How do you track the conversations that go on in comments around the blogosphere? It’s easy enough to know what the actual blogs themselves are doing, after all - we have our feed readers, Google’s blog search and technorati. We have trackbacks and pings to let us know when people are linking to us on their sites. But what about the hidden conversations that are happening in the comments?

There are two angles to this. For example, it annoys me that when I comment on someone else’s blog, I am leaving content there that isn’t aggregated on my blog. I see DavePress as my little hub on the web, from which you can find out what I am doing elsewhere, on Twitter, or del.icio.us, or Flickr.

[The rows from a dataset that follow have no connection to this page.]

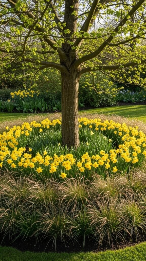 Plant daffodils and ornamental grasses in a neat circular layout around the tree for a fresh, spring-inspired display. The mix of bright yellows and soft greenery gives the area a vibrant yet natural feel.
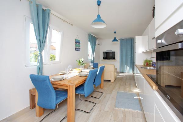 Moderně zařízený nový apartmán se nachází v klidné části starého města Nin, vzdálenost od moře je 200 metrů, zatímco centrum města Nin je vzdálené 4 minuty chůze. Byt má 150 m2, v klidném prostředí se dvěma velkými terasami, kde si můžete vychutnat slunce i klidné večery. Byt je prostorný, má velkou kuchyň / obývací pokoj / WC, tři luxusní ložnice a dvě toalety! Písečná pláž trvá 15 minut chůze a 5 minut jízdy autem. V bytě je klimatizace, pračka a parkoviště před apartmánem, všechny jsou zahrnuty v ceně!
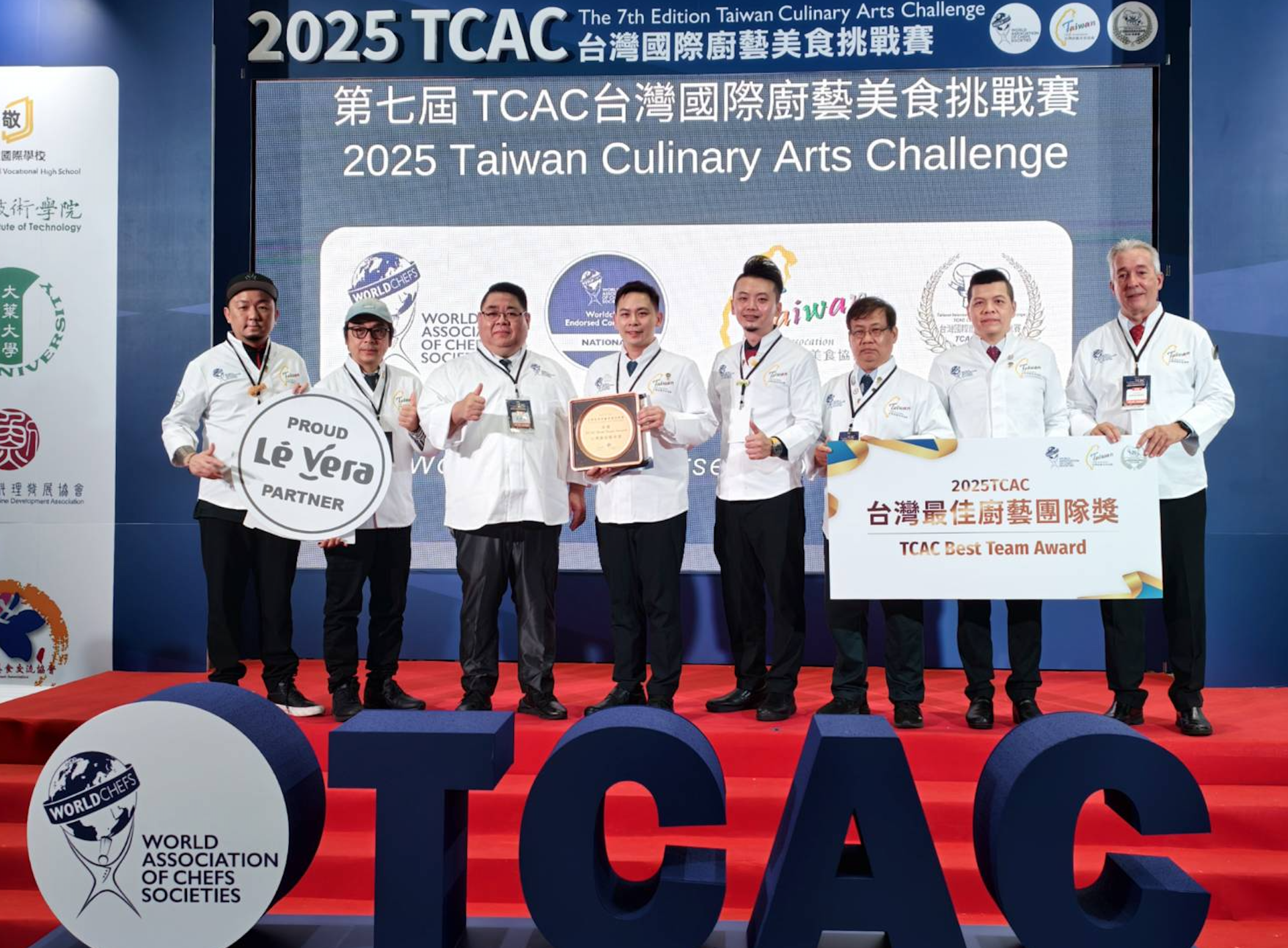 頒獎典禮揭曉獎項,其中TCAC「最佳西式料理廚師獎」由陳睿智奪得,TCAC「最佳亞洲風味料理廚師獎」由高承洋獲得,TCAC「最佳烘焙廚師獎」由張原賓摘下桂冠,TCAC「世廚最佳廚藝團體獎」由台北城市科技大學榮膺;此外,ICIF最佳特別獎鄭宇婕,以及TCAC「台灣最佳廚藝團隊獎」由景文科技大學獲得,成為今年賽事一大黑馬。

I have a widget on this blog that displays the latest comments here - I’d also like one that displays my latest comments elsewhere.

This might be a fairly selfish thing to want, but the ability to do this has more practical advantages too. If we want people, whether public servants or those working for private enterprises, to engage with bloggers and to respond to them we really ought to be providing a way for those responses to be easily tracked.

Likewise, when a discussion is going on around an issue, with lots of stuff in the comments, how can that be tracked, or even found in the first place? You can subscribe to comment feeds I guess, but if you do that with every blog you’ll end up with twice as many feeds as you have already…

I think this could be a really important issue if we are to start using blogs as consultation mediums.

I suppose one possible answer is that we abandon comments altogether, and instead everyone responds to everyone else via blog entries, linking to the original.  I have read of some bloggers turning off the comments on their site for exactly this reason.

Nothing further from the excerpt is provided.